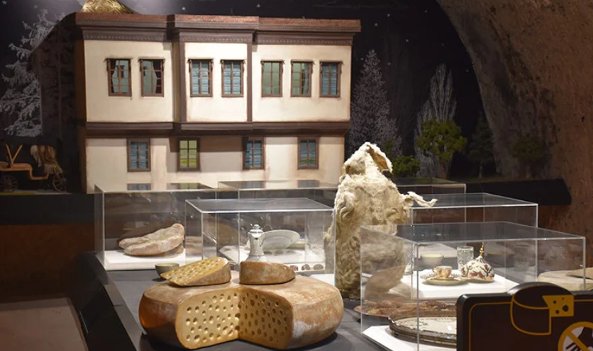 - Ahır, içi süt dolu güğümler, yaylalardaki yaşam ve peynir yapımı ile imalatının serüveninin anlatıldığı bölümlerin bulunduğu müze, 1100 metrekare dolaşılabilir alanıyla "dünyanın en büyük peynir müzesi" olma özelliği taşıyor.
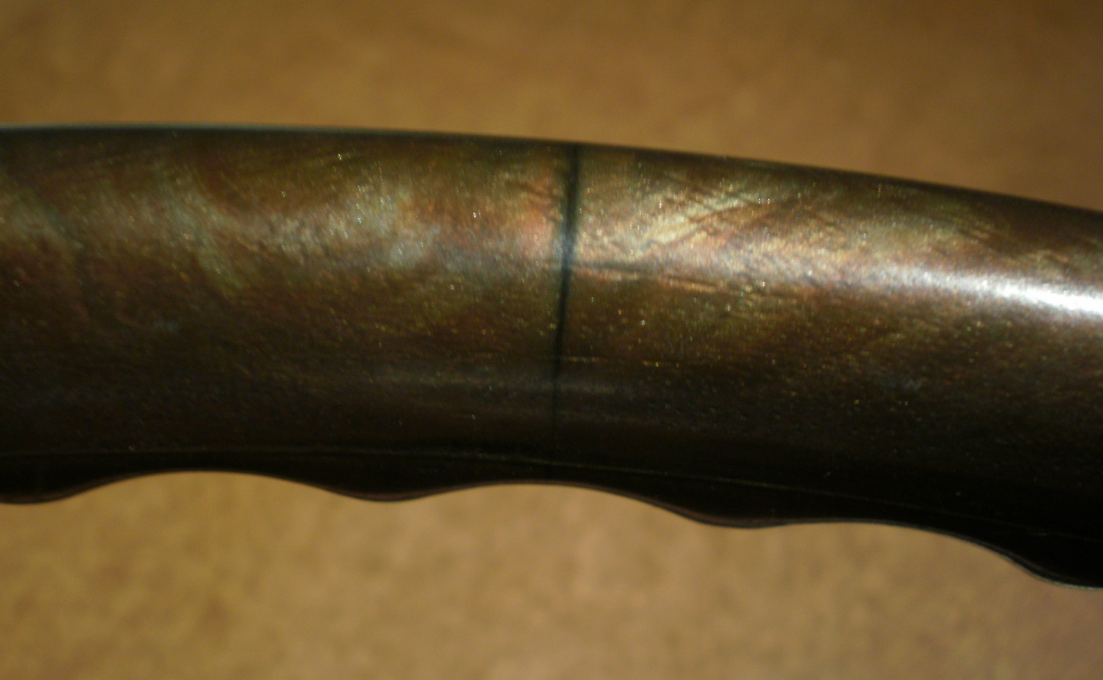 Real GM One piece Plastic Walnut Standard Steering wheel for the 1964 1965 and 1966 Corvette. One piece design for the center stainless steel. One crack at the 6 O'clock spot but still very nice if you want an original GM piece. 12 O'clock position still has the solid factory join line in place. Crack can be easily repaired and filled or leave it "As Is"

——

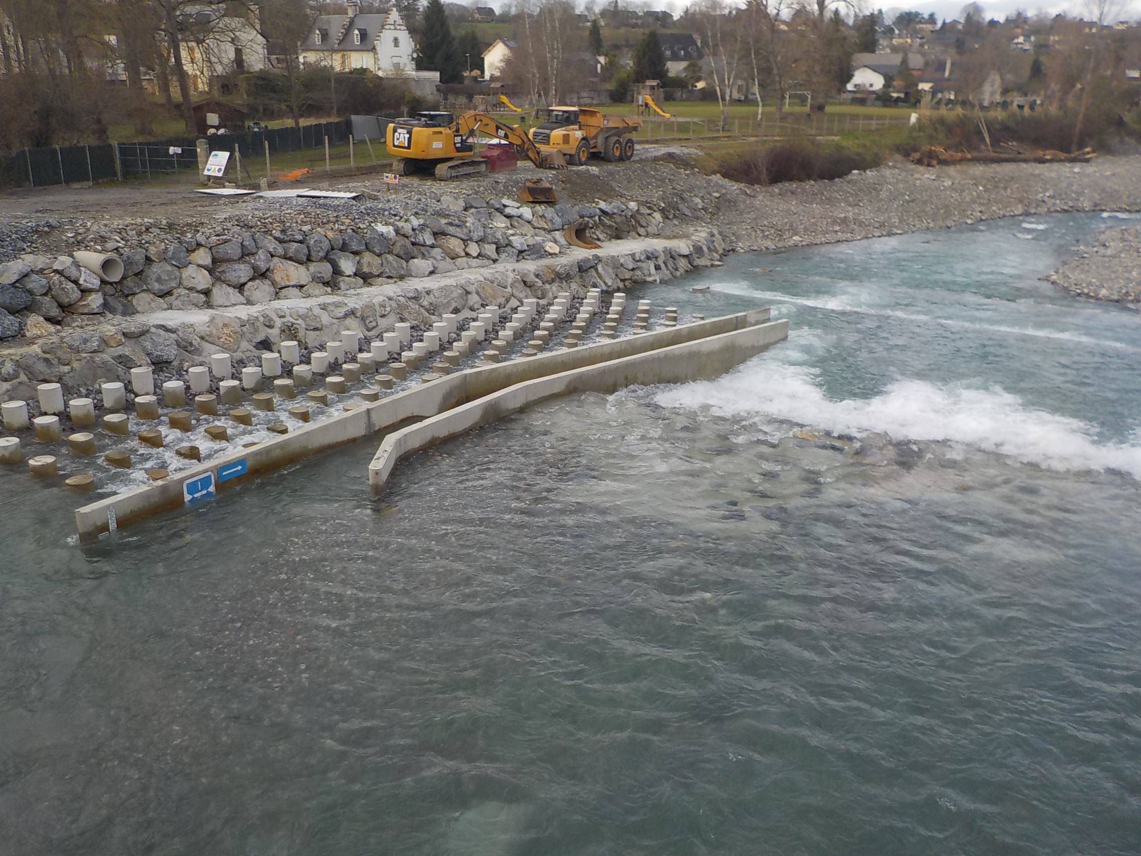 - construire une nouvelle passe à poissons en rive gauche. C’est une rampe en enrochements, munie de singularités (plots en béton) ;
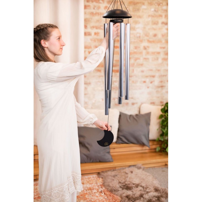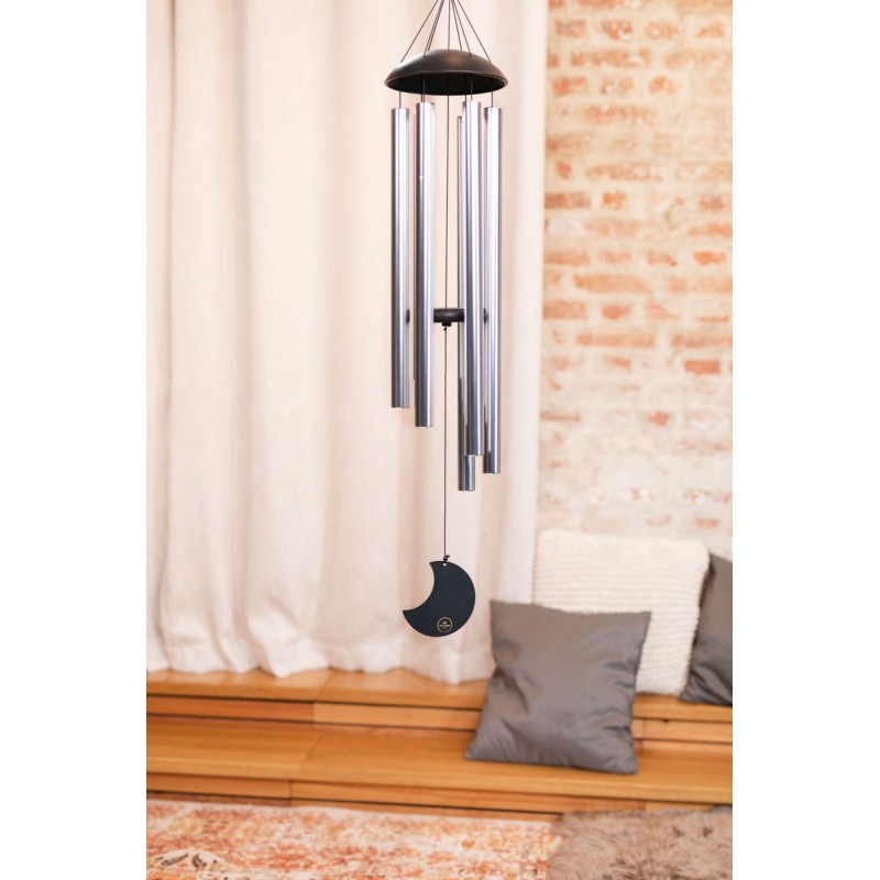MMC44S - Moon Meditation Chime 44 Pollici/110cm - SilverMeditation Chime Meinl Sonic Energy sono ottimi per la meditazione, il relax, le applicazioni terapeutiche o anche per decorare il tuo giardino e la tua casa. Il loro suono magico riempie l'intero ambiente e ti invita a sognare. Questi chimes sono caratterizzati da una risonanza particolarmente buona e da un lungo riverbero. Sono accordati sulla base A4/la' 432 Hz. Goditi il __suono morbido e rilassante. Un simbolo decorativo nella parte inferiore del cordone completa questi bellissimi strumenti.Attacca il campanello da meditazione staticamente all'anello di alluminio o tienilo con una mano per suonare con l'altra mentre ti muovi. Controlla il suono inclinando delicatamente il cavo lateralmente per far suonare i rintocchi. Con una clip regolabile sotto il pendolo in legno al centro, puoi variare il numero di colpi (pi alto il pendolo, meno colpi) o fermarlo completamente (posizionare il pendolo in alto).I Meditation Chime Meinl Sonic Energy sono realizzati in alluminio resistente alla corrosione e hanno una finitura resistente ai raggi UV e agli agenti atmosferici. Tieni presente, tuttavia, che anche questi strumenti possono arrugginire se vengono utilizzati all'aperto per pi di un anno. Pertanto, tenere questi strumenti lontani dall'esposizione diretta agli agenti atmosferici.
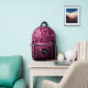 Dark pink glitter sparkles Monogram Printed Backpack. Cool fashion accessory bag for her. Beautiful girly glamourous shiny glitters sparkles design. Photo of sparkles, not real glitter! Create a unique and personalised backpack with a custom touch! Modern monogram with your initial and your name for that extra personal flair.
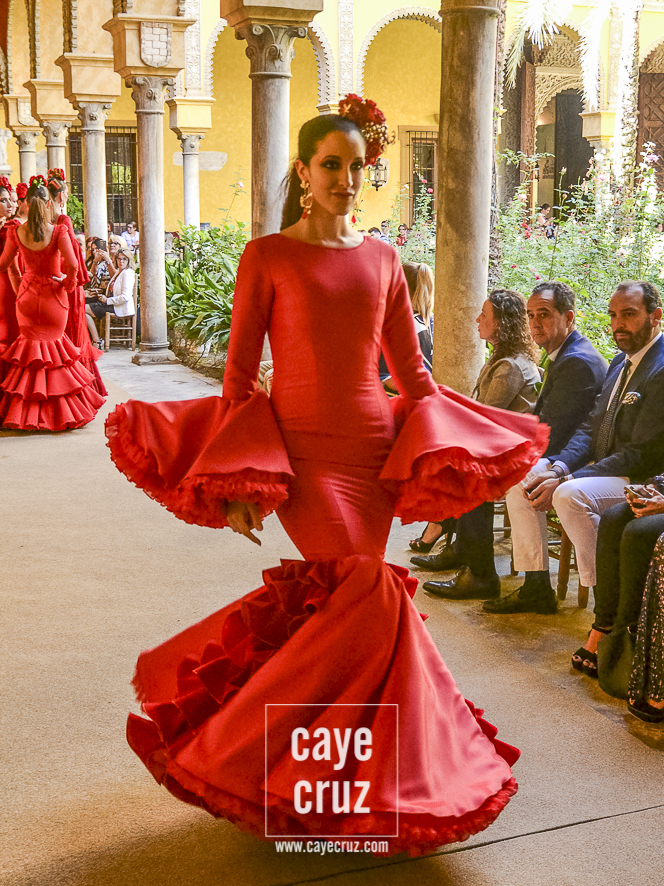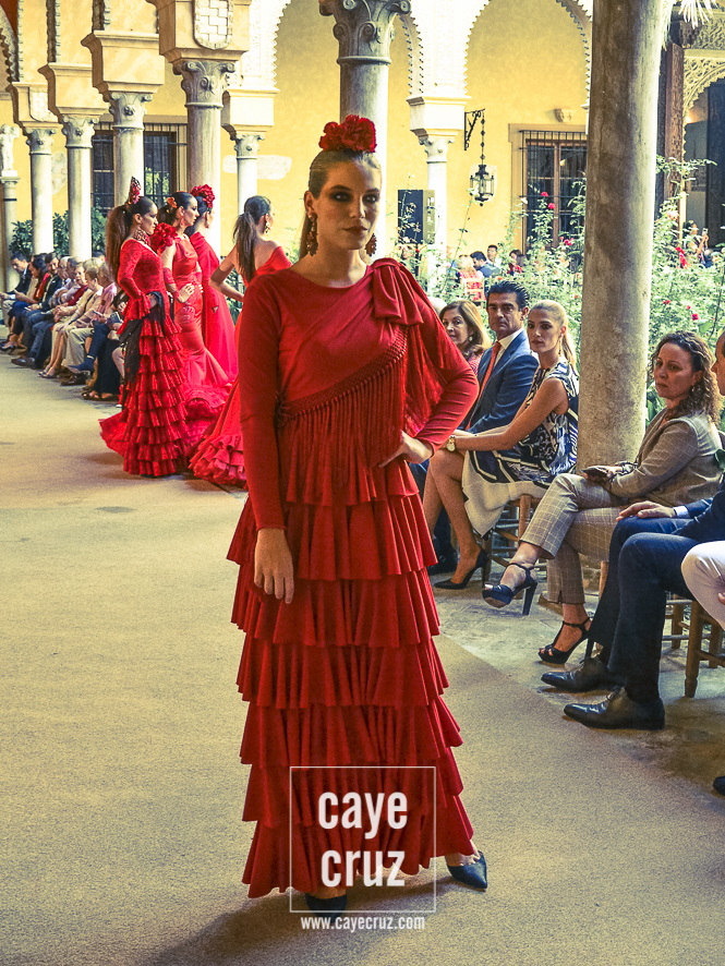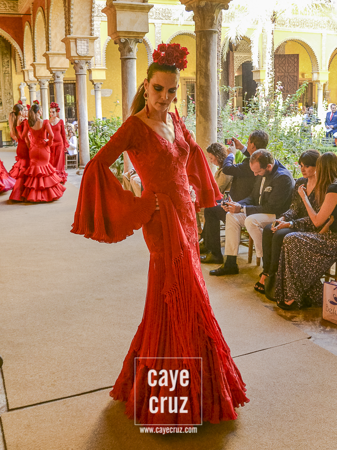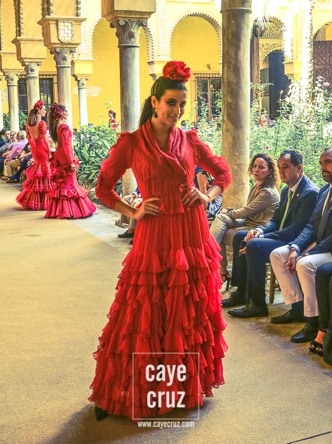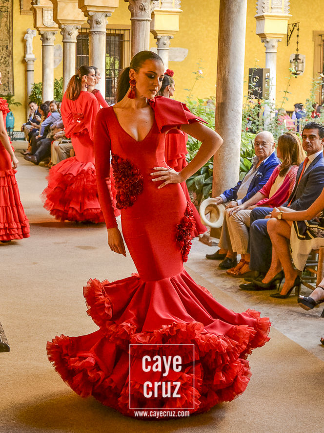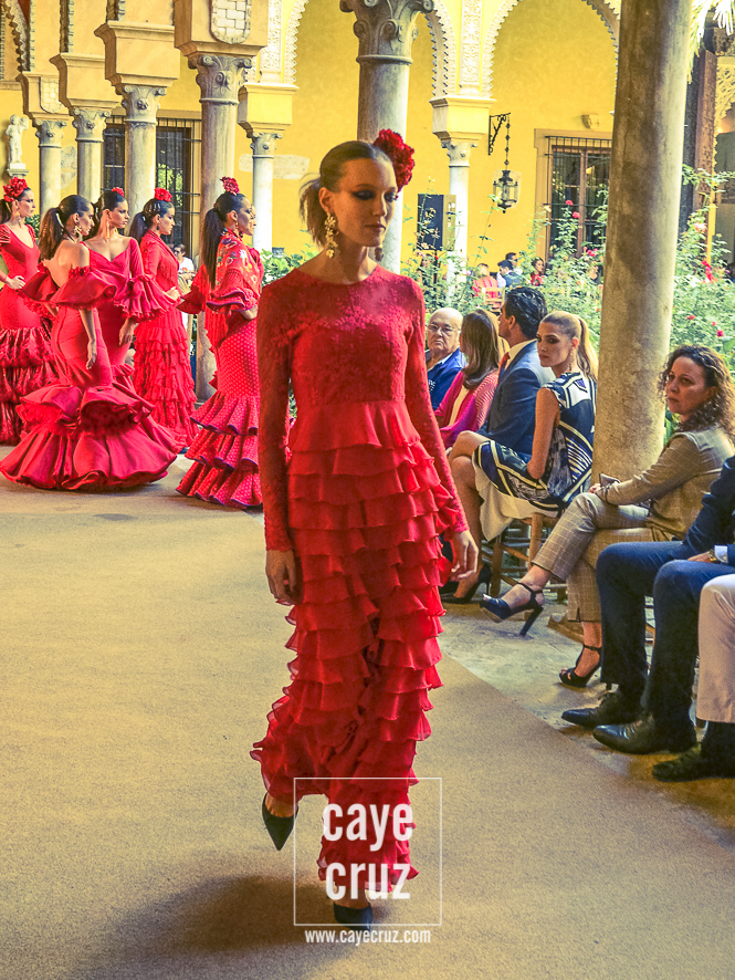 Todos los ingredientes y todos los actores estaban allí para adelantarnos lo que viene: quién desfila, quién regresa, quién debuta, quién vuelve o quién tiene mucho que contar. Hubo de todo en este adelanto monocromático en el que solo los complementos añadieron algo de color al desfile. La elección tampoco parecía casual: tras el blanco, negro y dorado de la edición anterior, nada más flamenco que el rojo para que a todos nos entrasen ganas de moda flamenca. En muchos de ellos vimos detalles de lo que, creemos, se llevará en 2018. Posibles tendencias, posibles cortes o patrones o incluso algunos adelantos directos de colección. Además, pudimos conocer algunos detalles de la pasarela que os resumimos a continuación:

——

EXERCISE GOAL> Going by the data above, the answer is exactly the lines from the one holding "- Ahır, içi" to the one holding "Real GM One", both kept, with the pictures left out.

OUTPUT OF THE EXERCISE>
 - Ahır, içi süt dolu güğümler, yaylalardaki yaşam ve peynir yapımı ile imalatının serüveninin anlatıldığı bölümlerin bulunduğu müze, 1100 metrekare dolaşılabilir alanıyla "dünyanın en büyük peynir müzesi" olma özelliği taşıyor.
 Real GM One piece Plastic Walnut Standard Steering wheel for the 1964 1965 and 1966 Corvette. One piece design for the center stainless steel. One crack at the 6 O'clock spot but still very nice if you want an original GM piece. 12 O'clock position still has the solid factory join line in place. Crack can be easily repaired and filled or leave it "As Is"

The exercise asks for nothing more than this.